All numbers $Z$, $n$ and the $\mathrm{Threshold}$ are natural numbers.
My inputs are $Z$ and $n$, and I would like to find a minimal $x$ such that
$$\operatorname{LCM}(Z - x, 2^n) \le \mathrm{Threshold}$$
where threshold is an arbitrary constant I can choose and should be in the ballpark of 5000-12000 or therebouts.
$x$ is a natural number, too, including $0$.
For example: $Z=2011, n=5$. Then $x=11$ or $x=3$ as:
> data.frame(candidate = 2000:2011) %>% mutate(lcm = sapply(candidate, function (x) LCM(x, 2**5))) %>% arrange(lcm)
candidate lcm
1 2000 4000
2 2008 8032
3 2004 16032
4 2002 32032
5 2006 32096
6 2010 32160
7 2001 64032
8 2003 64096
9 2005 64160
10 2007 64224
11 2009 64288
12 2011 64352
depending on the choice of $\mathrm{Threshold}$.

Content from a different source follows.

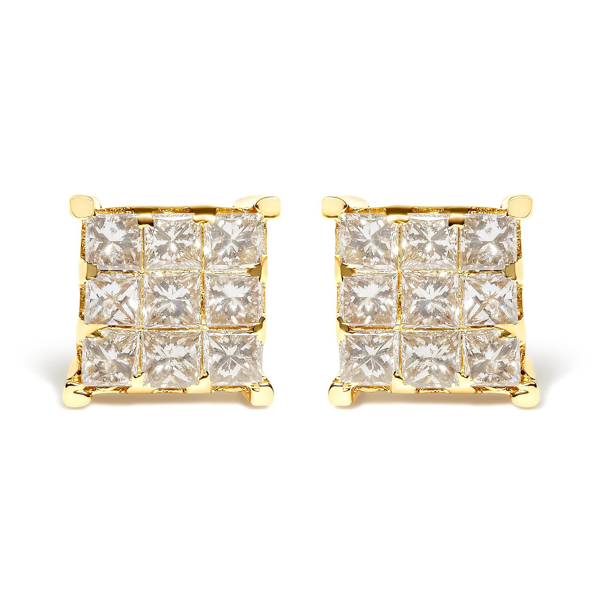 14K Yellow Gold 1 1/2 Cttw Invisible Set Princess-Cut Diamond 9 Stone Square Stud Earrings (J-K Color, SI2-I1 Clarity)

My problem is that I don't really know where to start to tackle this. I also don't know if this is solvable directly, or if I need to do it by means of a program.

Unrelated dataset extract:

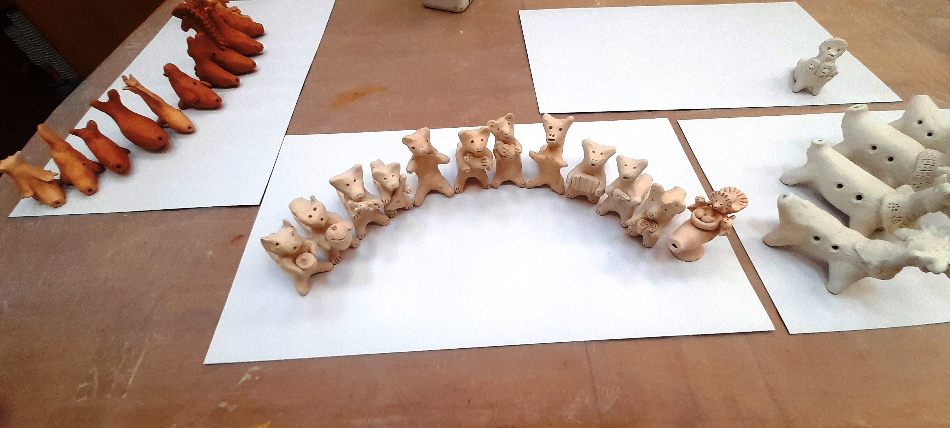 Дети словно побывали в гостях у мастеров, которые поделились секретами изготовления поющих игрушек. Сначала в селе Романово (сейчас Ленино) Липецкой области – узнали, как слепить Романовскую свистульку из глиняного «пельменя»: жаворонков, петуха, быка, оленей. Следующей была деревня Петровское Костромской области, где, научились делать Петровскую узорную игрушку-свистульку: коней, птичек. А в деревне Хлуднёво Калужской области познакомились с Хлуднёвской игрушкой – свистульки получились сказочные: медведи с балалайкой, гармонью, лаптями. Участники смены завершили своё путешествие в городе Торжке Тверской области, где слепили нарядную Тверскую (Новоторжокскую) свистульку – птиц и лошадок. После обжига все свистульки раскрасили, как мастера научили.

If I need to do it by a program, I would need to optimize for the number of candidates to calculate the LCM for.
Any pointers greatly appreciated. :)
Notice $$lcm(a, b)=ab/gcd(a, b)$$ you want to $gcd(a, b)$ to be as big as possible when $ab$ is in a certain range.
Notice that $gcd(a, 2^n)=2^m$ for some $m$, so you want to make $Z-x$ contain large divisor of $2^m$.
A quick way might be writing the number in binary representation.
For example, $$2011=(11111011011)_2$$ so when $x\le 64=2^6$, we need to choose the last $6$ binary digits , $(011011)_2=35$. On the other hand, if $Threshold$ is given, you just need to search a few.